──────── Material to process

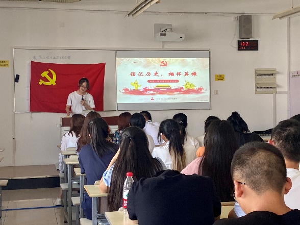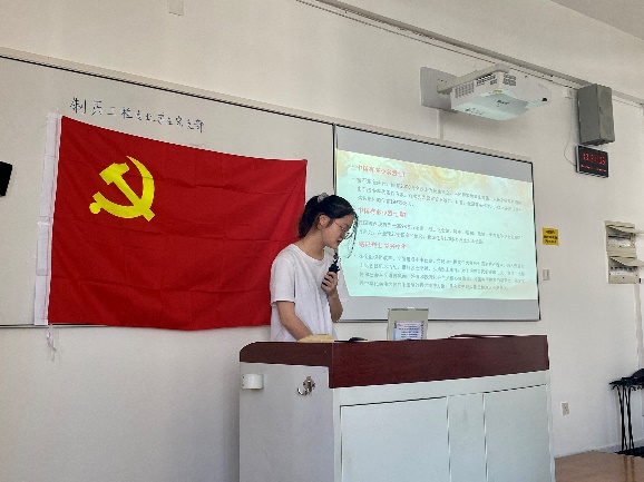 最后,员工党员倪懿凤同志将新生入党启蒙和 “烈士纪念日”、国庆日党史学习教育相结合,通过漫画和视频的形式向大家再现了1949年建国和1950年开始的抗美援朝战争,通过学习历史,缅怀先烈,鼓励新时代的青年适应时代发展的要求,正确认识祖国的历史和现实,增强爱国的情感和振兴祖国的责任感,树立民族自尊心与自信心,弘扬伟大的中华民族精神,高举爱国旗帜,锐意进取,自强不息,艰苦奋斗,顽强拼搏,真正把爱国之志变成报国之行。
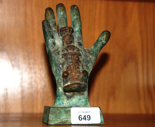 Lot Description:Heavy cast bronze statue of a hand holding a religious icon
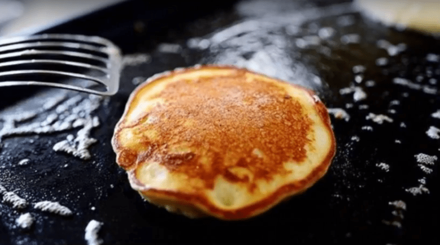- Обжаривать на среднем огне с обеих сторон, примерно по 2 мин. В процессе жарки не приминать оладьи, иначе они будут плоскими.
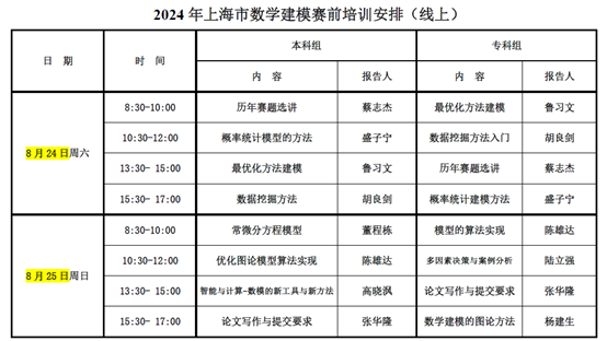 2024 年上海市数学建模竞赛赛前培训直播链接
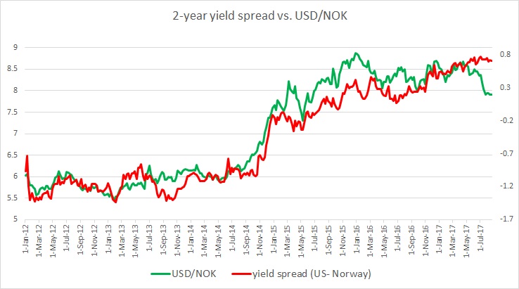 The chart above shows, how the relationship between USD/NOK and 2-year yield spread has unfolded since 2012.
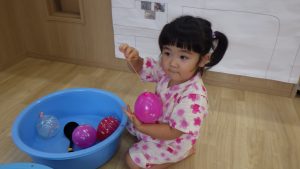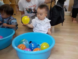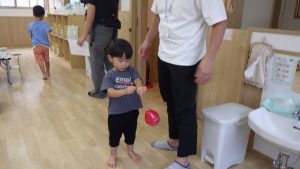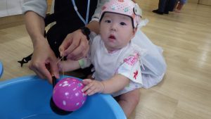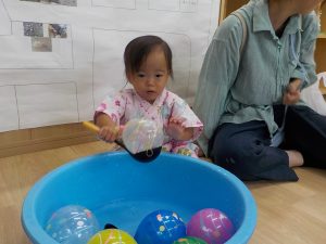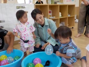 ヨーヨー釣りコーナーでは自分の好きな色をじっくりと選び、おたまですくうことができると「やったー!」と嬉しそうにしていました。

────────────────

#### Task objective:
Only the pictures are to be left out, and all of the data must otherwise be transcribed exactly.

#### Response to the exercise:
 最后,员工党员倪懿凤同志将新生入党启蒙和 “烈士纪念日”、国庆日党史学习教育相结合,通过漫画和视频的形式向大家再现了1949年建国和1950年开始的抗美援朝战争,通过学习历史,缅怀先烈,鼓励新时代的青年适应时代发展的要求,正确认识祖国的历史和现实,增强爱国的情感和振兴祖国的责任感,树立民族自尊心与自信心,弘扬伟大的中华民族精神,高举爱国旗帜,锐意进取,自强不息,艰苦奋斗,顽强拼搏,真正把爱国之志变成报国之行。
 Lot Description:Heavy cast bronze statue of a hand holding a religious icon
- Обжаривать на среднем огне с обеих сторон, примерно по 2 мин. В процессе жарки не приминать оладьи, иначе они будут плоскими.
 2024 年上海市数学建模竞赛赛前培训直播链接
 The chart above shows, how the relationship between USD/NOK and 2-year yield spread has unfolded since 2012.
 ヨーヨー釣りコーナーでは自分の好きな色をじっくりと選び、おたまですくうことができると「やったー!」と嬉しそうにしていました。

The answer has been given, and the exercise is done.